Report: Kahlon offered Foreign Ministry

Likud ready to construct mega-portfolio for Smotrich.

Finance Minister Moshe Kahlon (photo credit: MARC ISRAEL SELLEM/THE JERUSALEM POST)
Finance Minister Moshe Kahlon
(photo credit: MARC ISRAEL SELLEM/THE JERUSALEM POST)
Prime Minister Benjamin Netanyahu spoke to Kulanu leader Moshe Kahlon on Sunday, according to Channel 13 political correspondent Sefi Ovadia, and offered him to shift from the Finance Ministry to the Foreign Ministry.
Likud negotiating team chairman Yariv Levin would not confirm or deny the report. Outgoing Deputy Minister in the Prime Minister’s Office Michael Oren, who left Kulanu, questioned the report.
“Just like you would not put someone as defense minister with no background in defense, so too Israel’s foreign relations are vital to its security, and therefore I hope the next foreign minister will be someone with a background in foreign relations,” he said.

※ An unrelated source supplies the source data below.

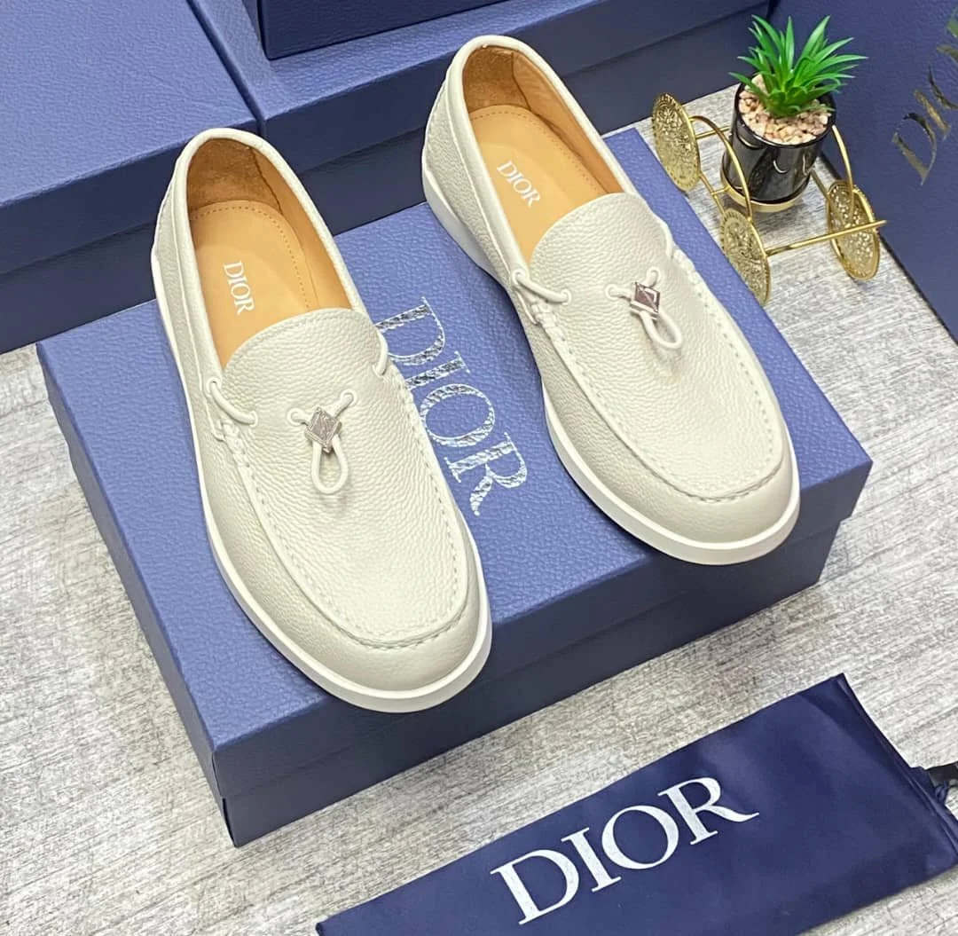 Christian Dior Loafers Italian Leather white flat style comfortable walking dress shoe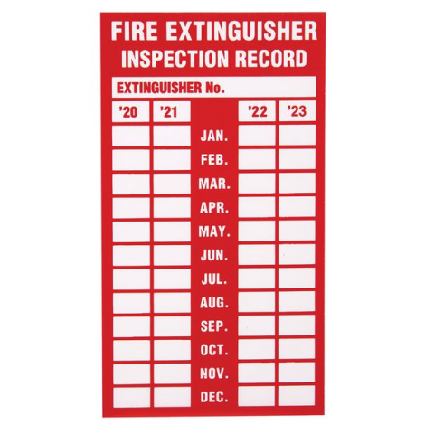 Fire Extinguisher Inspection Record Red On White Fire Label LFXG529 Very well made.
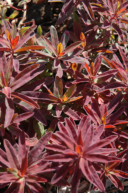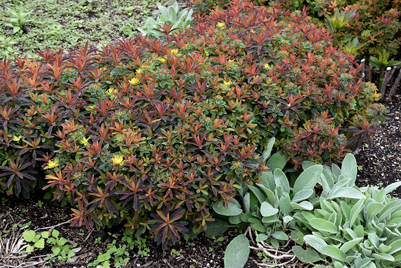 Bonfire Cushion Spurge will grow to be about 10 inches tall at maturity, with a spread of 18 inches. It grows at a medium rate, and under ideal conditions can be expected to live for approximately 10 years. As an herbaceous perennial, this plant will usually die back to the crown each winter, and will regrow from the base each spring. Be careful not to disturb the crown in late winter when it may not be readily seen!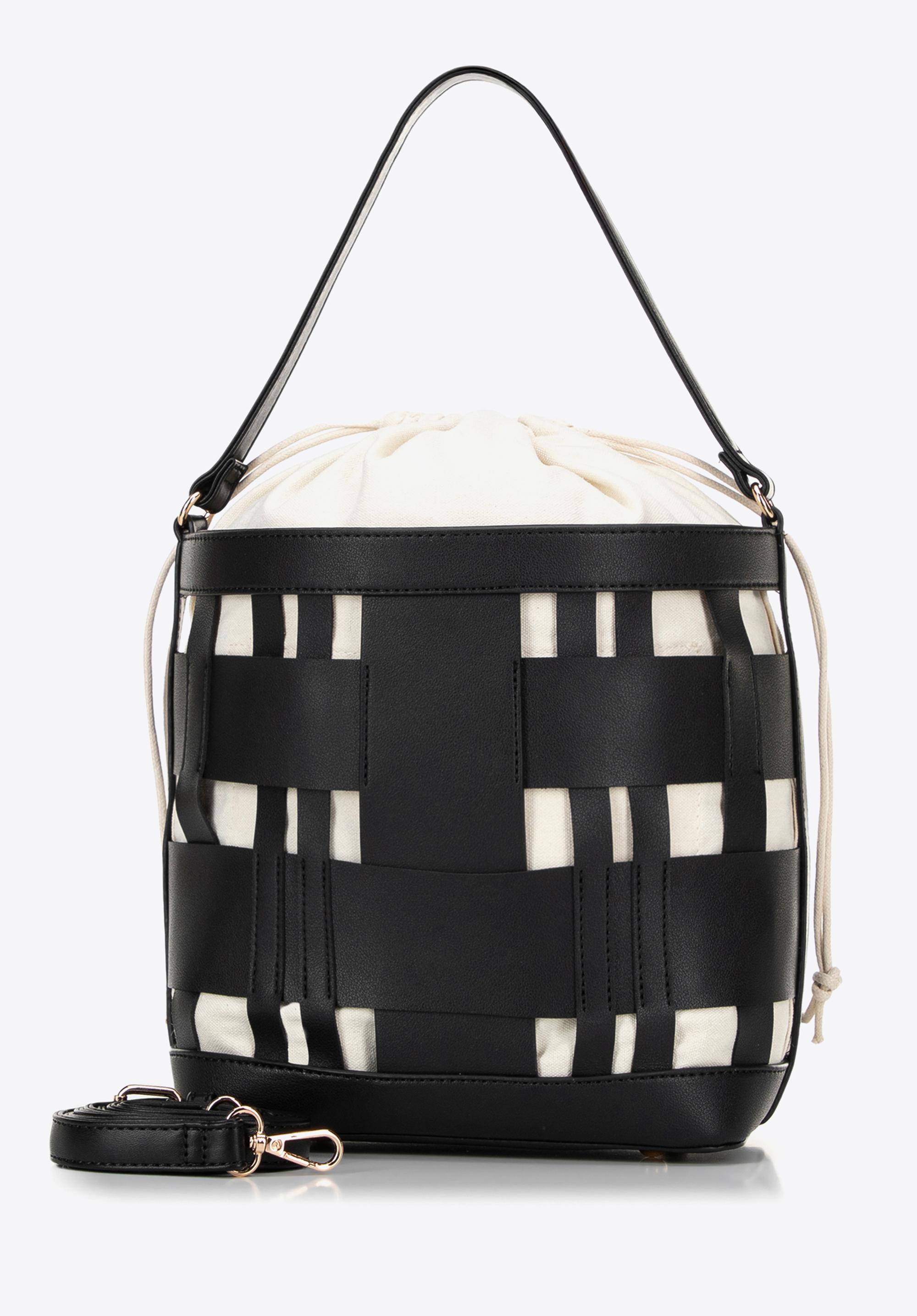 Lépj be a könnyed elegancia és laza stílus világába bucket bag táskánkkal, amely tökéletesen ötvözi a bohó szellemiséget a mindennapi praktikummal. Ez az ökobőrből készült táska szövött textúrájával tűnik ki, amely jellegzetes, művészi hatást ad a terméknek. A könnyű pamut bélés gyönyörű kontrasztot alkot a külsővel, bájos akcentust hozva létre, amely minden pillanatot különlegessé varázsol ezzel a táskával. Élvezd a kényelmet, a stílust és a funkcionalitást – mindezt egyben!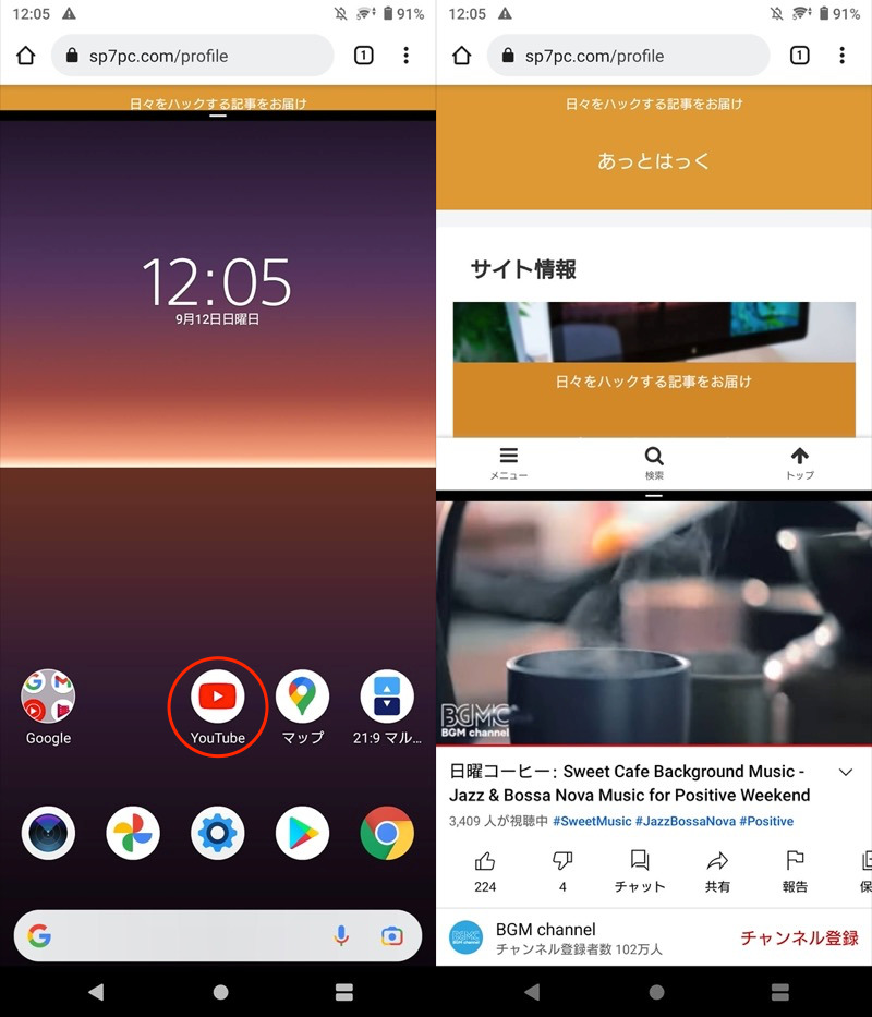 左侧是 PIPing YouTube,右侧是 Google 地图的示例。

Netanyahu will hold a long-awaited meeting on Thursday with Kahlon. They are expected to discuss the possibility of a merger between Likud and Kulanu.
The Likud is prepared to build a “mega-portfolio” for Union of Right-wing Parties co-chairman Bezalel Smotrich out of the Construction and Housing Ministry, in order to keep him out of the more sensitive Justice and Education portfolios, Likud sources said Sunday.
Smotrich rejected the offer before coalition talks with his party even began, saying that only either the Education or Justice Ministry were acceptable to him.
“If [former Meretz leaders] Shulamit Aloni and Yossi Sarid could be education minister, then so can I,” Smotrich said. “My views are much closer to the consensus.”
Coalition talks began Sunday with Avigdor Liberman’s Yisrael Beytenu party. While participants said the meeting went well, they also said the negotiations would be long and difficult, due to differences between Yisrael Beytenu and United Torah Judaism on the IDF conscription bill.
The two sides agreed to meet again soon, most likely this week. But UTJ, Shas and URP have refused to negotiate during Passover.
The Likud’s negotiating team includes Prime Minister Benjamin Netanyahu’s former chief of staff Natan Eshel, even though Eshel resigned from his post and agreed not to return to the civil service in February 2012 after signing a plea bargain admitting misconduct toward a female staffer.
Meretz leader Tamar Zandberg said Eshel should have been prevented from being on the negotiating team. But deputy Attorney-General Dina Zilber said it was acceptable for him to be on the team.